For the entries below, return every line from the top through the line with "Trappola ad ultravioletti" exactly as it stands, omitting pictures.

Extracted information:

= = = = =

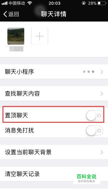 此时会进入到【聊天详情】页面,接着打开【置顶聊天】功能。
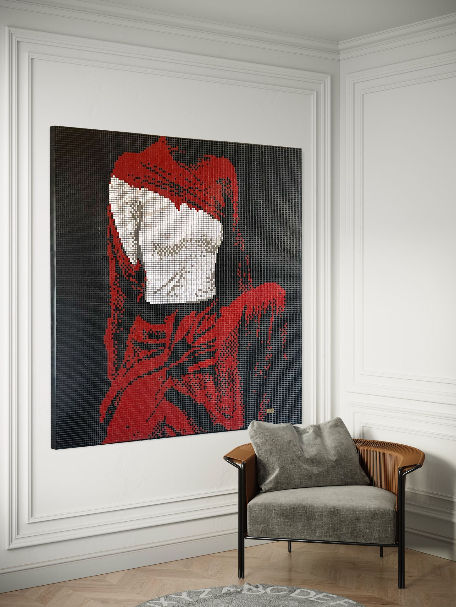 Introducing “Linda”, a breathtaking vitreous mosaic collage that embodies the essence of elegance and precision. Composed of 23,409 individual glass tiles in 6 striking colors, each piece is hand-laid with meticulous care, forming a powerful interplay of black and red tones. Measuring 66.2" × 66.2" (168 × 168 cm), “Linda” is not merely a mosaic, but a museum-quality statement of cultural artistry and modern sophistication.
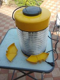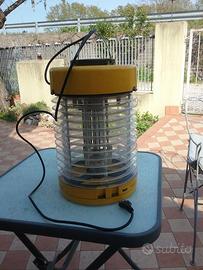 Trappola ad ultravioletti per l'eliminazione di insetti notturni volanti. Completamente in plastica per la resistenza alle intemperie. In tre cassetti sul fondo si raccolgono gli insetti morti.
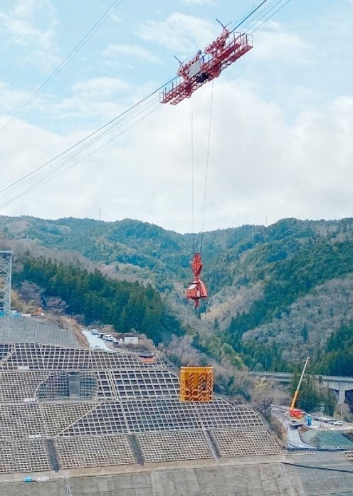 株式会社大林組(本社:東京都港区、社長:佐藤俊美)は、国土交通省中部地方整備局発注の新丸山ダム建設工事(岐阜県加茂郡八百津町、可児郡御嵩町)において、ダム建設における「自律型コンクリート打設システム」(※1)の確立に向けて開発を進めています。その第1段階としてコンクリート運搬に使用するケーブルクレーンの自動・自律運転を2025年2月に成功しました。自動・自律運転の制御信号の送受信に必要となる無線通信規格には、KDDIエンジニアリング株式会社(本社:東京都渋谷区、社長:寺尾徳明)と連携し、ローカル5Gを活用しました。
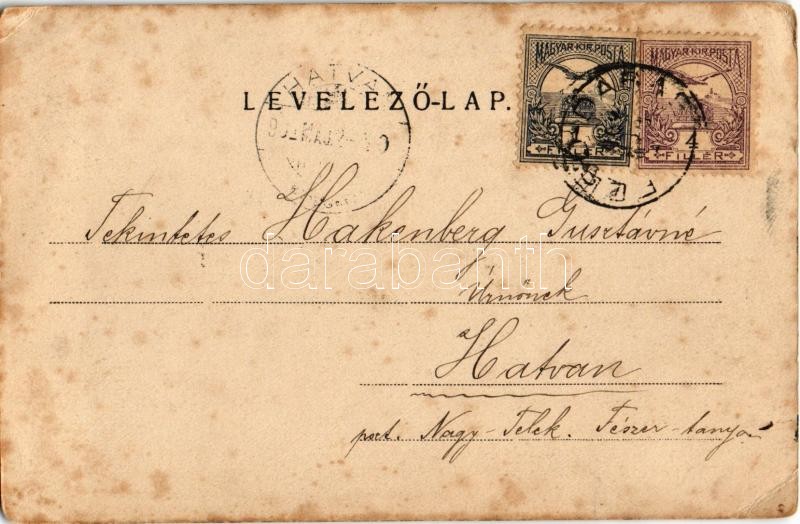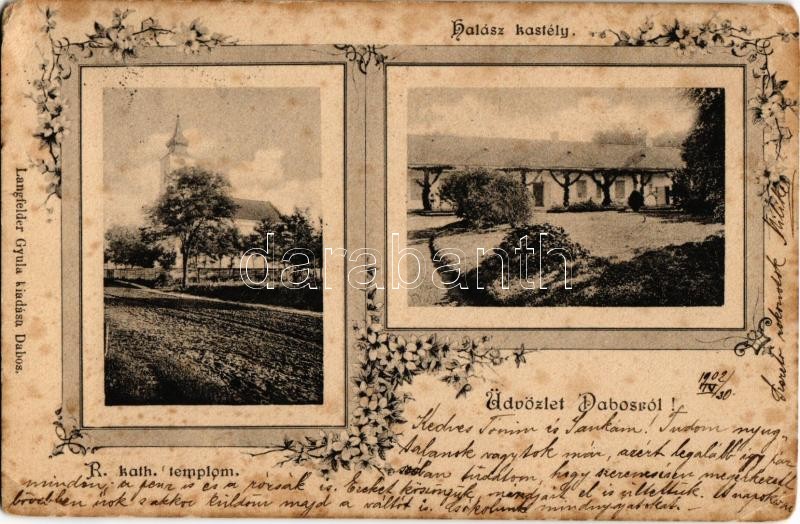 1902 Dabas, Halász kastély, Római katolikus templom. Kiadja Langfelder Gyula. Art Nouveau, floral (fl)
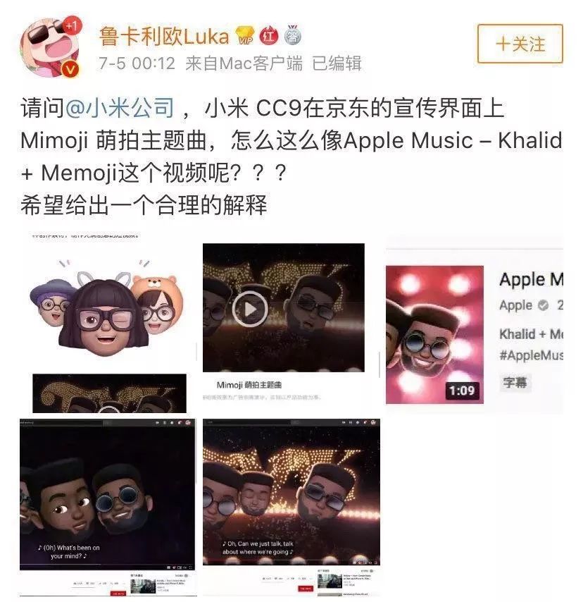 7月5日,某大 V 指出,京東商城中小米 CC9的宣傳視頻與 Apple Music 的某一視頻廣告相似度極高。對此,小米回應稱,“經查的確是相關運營團隊在京東平臺頁面上傳過程中出錯,上傳了錯誤的內容。內部正在進一步調查并將嚴肅處理。”到目前為止,該聲明發(fā)布后暫無后續(xù)。
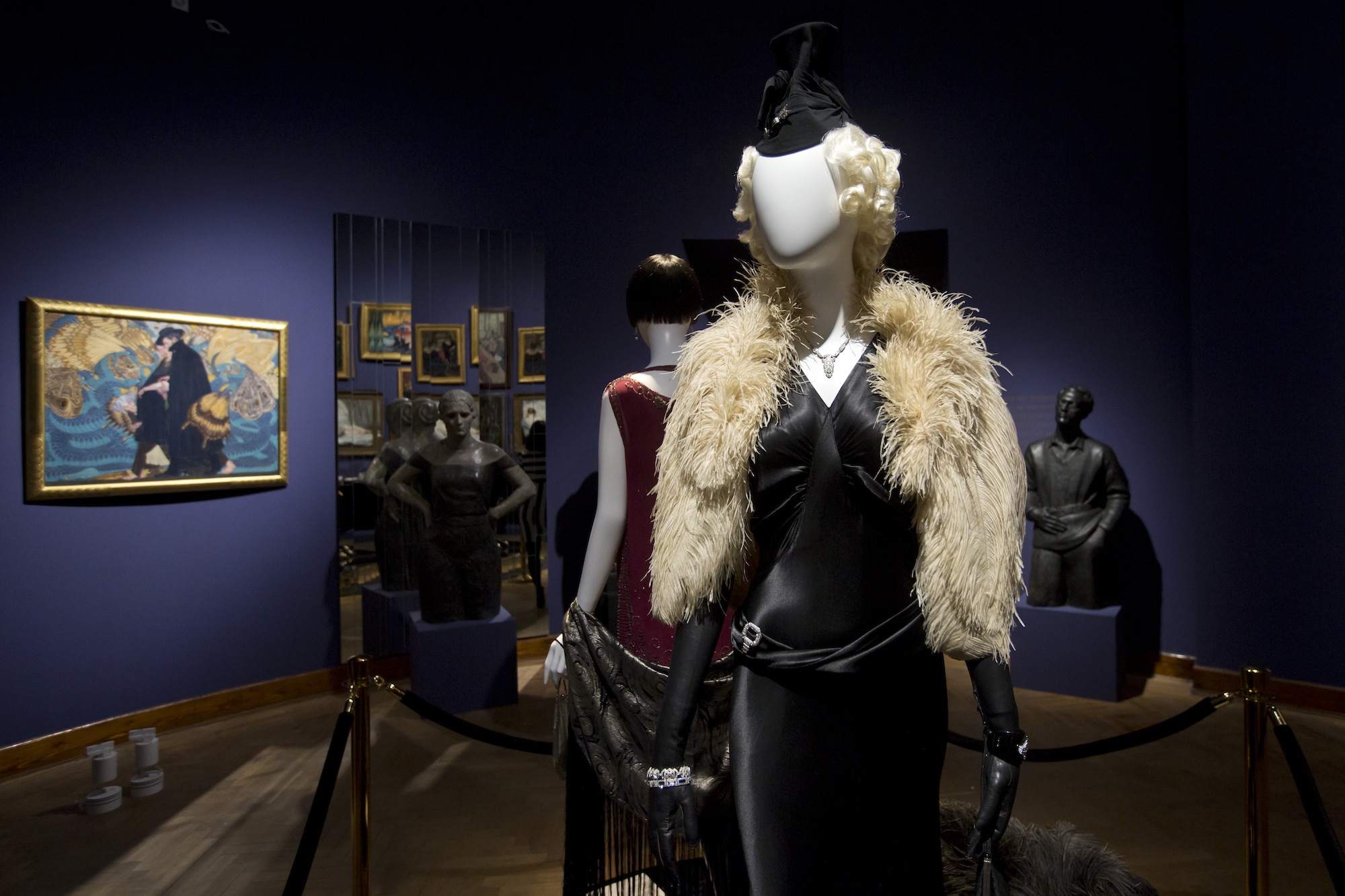 Prezentowane obrazy, rzeźby, meble, plakaty, zaproszenia oraz stroje i przybory toaletowe przenoszą widza w klimat przygotowań do balu w Warszawie okresu międzywojennego. Eksponaty pochodzą ze zbiorów Muzeum Narodowego w Warszawie, uzupełnione o dzieła z kolekcji członków Stowarzyszenia „Przyjaciele MNW”, Agnieszki i Marka Roeflerów, zbioru dzieł artystów polskich związanych z École de Paris, oraz Adama Leja, historyka sztuki, posiadacza największej w Polsce kolekcji ubiorów dawnych, którym opiekę kuratorką zapewniła Renata Higersberger, kustosz w Zbiorach Sztuki Polskiej MNW.
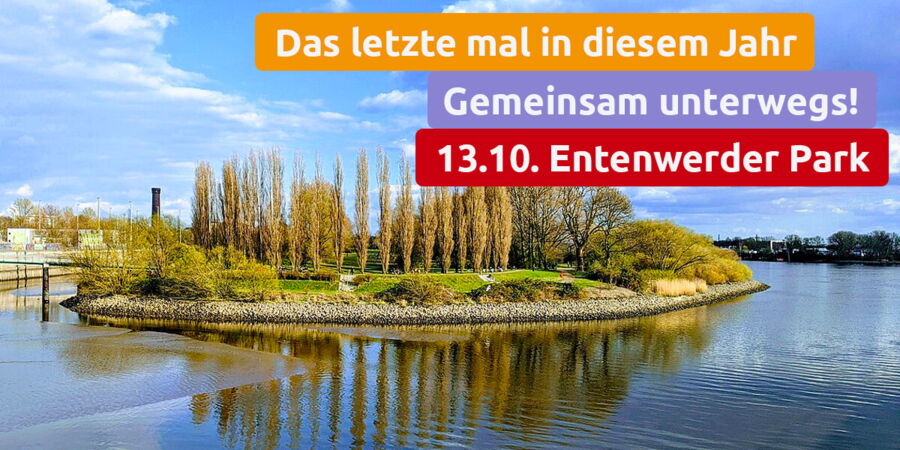 Zum letzten mal in diesem Jahr "umsonst und draußen" vor der Winterpause sind wir am 13. Oktober ab 10.00 Uhr GEMEINSAM UNTERWEGS. Wir hoffen auf einen sonnigen Oktobertag und wollen gemeinsam den Entenwerder Park erkunden, im Café mit Elbblick verweilen. Treffpunkt: 10.00 Uhr im Gemeindehaus Christuskirche.
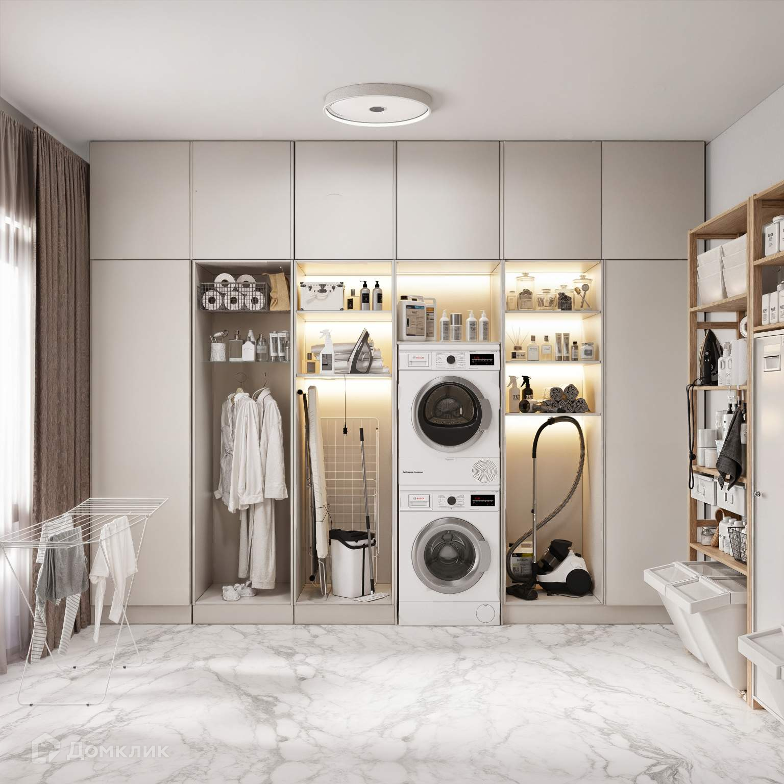 1 эт. 152 м2 : Прихожая -гардеробная, котельная, прачечная, кухня, столовая, гостиная , кабинет
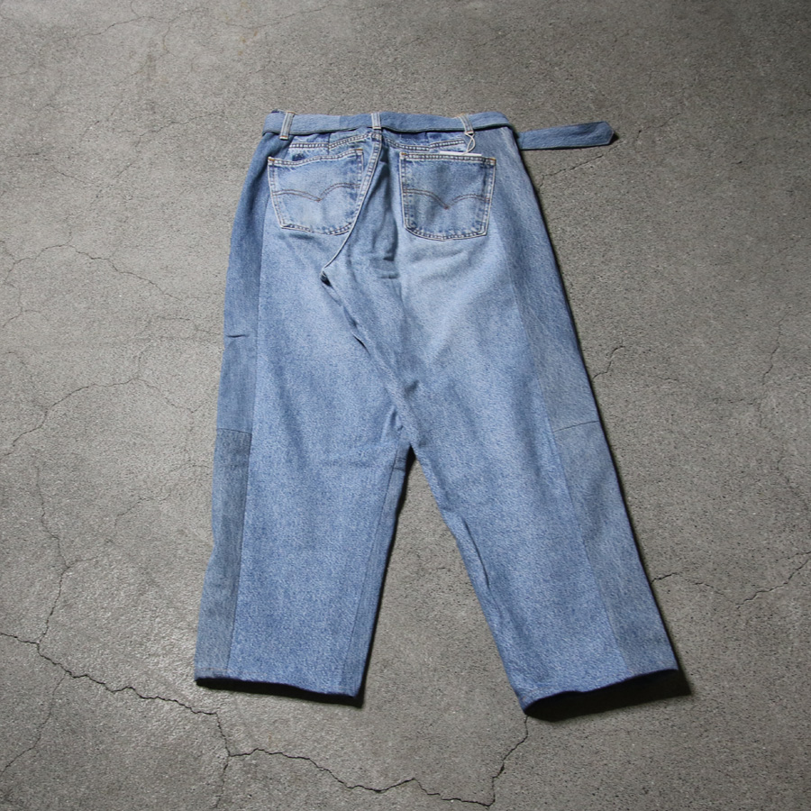 ユーズドのLEVI'Sのデニムを解体してベルテッドワイドデニムへ再構築した

= = = = =

Answer for this exercise:
 此时会进入到【聊天详情】页面,接着打开【置顶聊天】功能。
 Introducing “Linda”, a breathtaking vitreous mosaic collage that embodies the essence of elegance and precision. Composed of 23,409 individual glass tiles in 6 striking colors, each piece is hand-laid with meticulous care, forming a powerful interplay of black and red tones. Measuring 66.2" × 66.2" (168 × 168 cm), “Linda” is not merely a mosaic, but a museum-quality statement of cultural artistry and modern sophistication.
 Trappola ad ultravioletti per l'eliminazione di insetti notturni volanti. Completamente in plastica per la resistenza alle intemperie. In tre cassetti sul fondo si raccolgono gli insetti morti.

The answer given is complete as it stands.